* **SOURCE MATERIAL**
════════════════════
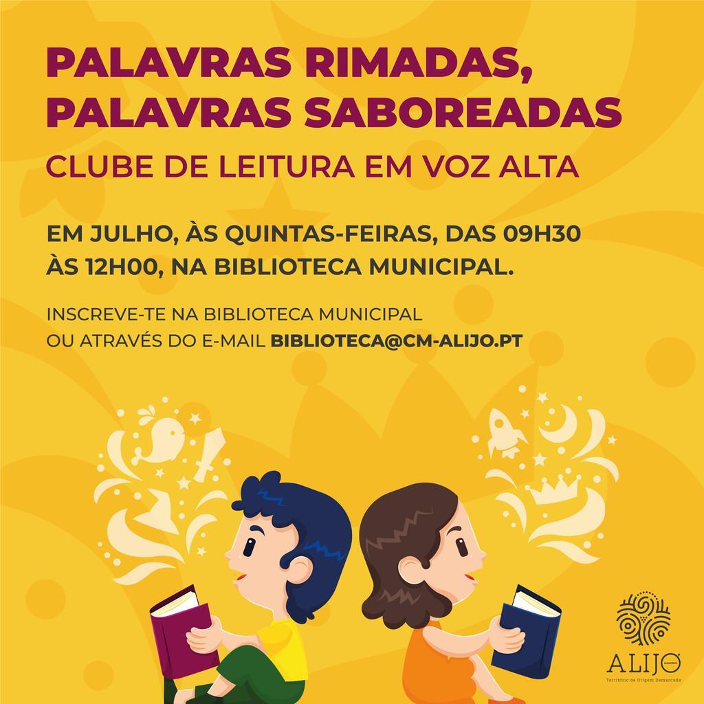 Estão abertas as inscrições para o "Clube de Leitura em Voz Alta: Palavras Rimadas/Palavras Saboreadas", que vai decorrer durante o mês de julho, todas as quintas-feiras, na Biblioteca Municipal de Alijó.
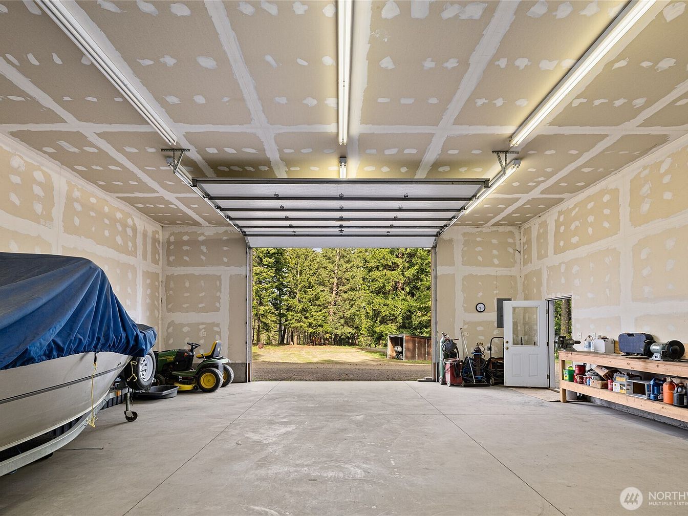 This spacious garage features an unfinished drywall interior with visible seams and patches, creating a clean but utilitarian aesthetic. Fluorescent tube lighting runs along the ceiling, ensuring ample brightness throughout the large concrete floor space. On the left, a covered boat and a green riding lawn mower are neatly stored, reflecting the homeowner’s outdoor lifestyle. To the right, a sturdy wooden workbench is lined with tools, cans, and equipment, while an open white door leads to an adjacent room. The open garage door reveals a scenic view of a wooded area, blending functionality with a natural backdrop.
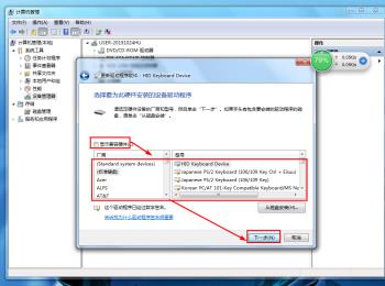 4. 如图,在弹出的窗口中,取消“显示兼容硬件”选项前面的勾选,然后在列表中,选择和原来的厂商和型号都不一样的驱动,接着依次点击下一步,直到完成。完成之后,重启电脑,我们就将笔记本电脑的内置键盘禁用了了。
════════════════════
* **YOUR INSTRUCTIONS**
From the first line to the last, retype the data exactly, but omit every image.

* **SOLUTION TO THE EXERCISE**
 Estão abertas as inscrições para o "Clube de Leitura em Voz Alta: Palavras Rimadas/Palavras Saboreadas", que vai decorrer durante o mês de julho, todas as quintas-feiras, na Biblioteca Municipal de Alijó.
 This spacious garage features an unfinished drywall interior with visible seams and patches, creating a clean but utilitarian aesthetic. Fluorescent tube lighting runs along the ceiling, ensuring ample brightness throughout the large concrete floor space. On the left, a covered boat and a green riding lawn mower are neatly stored, reflecting the homeowner’s outdoor lifestyle. To the right, a sturdy wooden workbench is lined with tools, cans, and equipment, while an open white door leads to an adjacent room. The open garage door reveals a scenic view of a wooded area, blending functionality with a natural backdrop.
 4. 如图,在弹出的窗口中,取消“显示兼容硬件”选项前面的勾选,然后在列表中,选择和原来的厂商和型号都不一样的驱动,接着依次点击下一步,直到完成。完成之后,重启电脑,我们就将笔记本电脑的内置键盘禁用了了。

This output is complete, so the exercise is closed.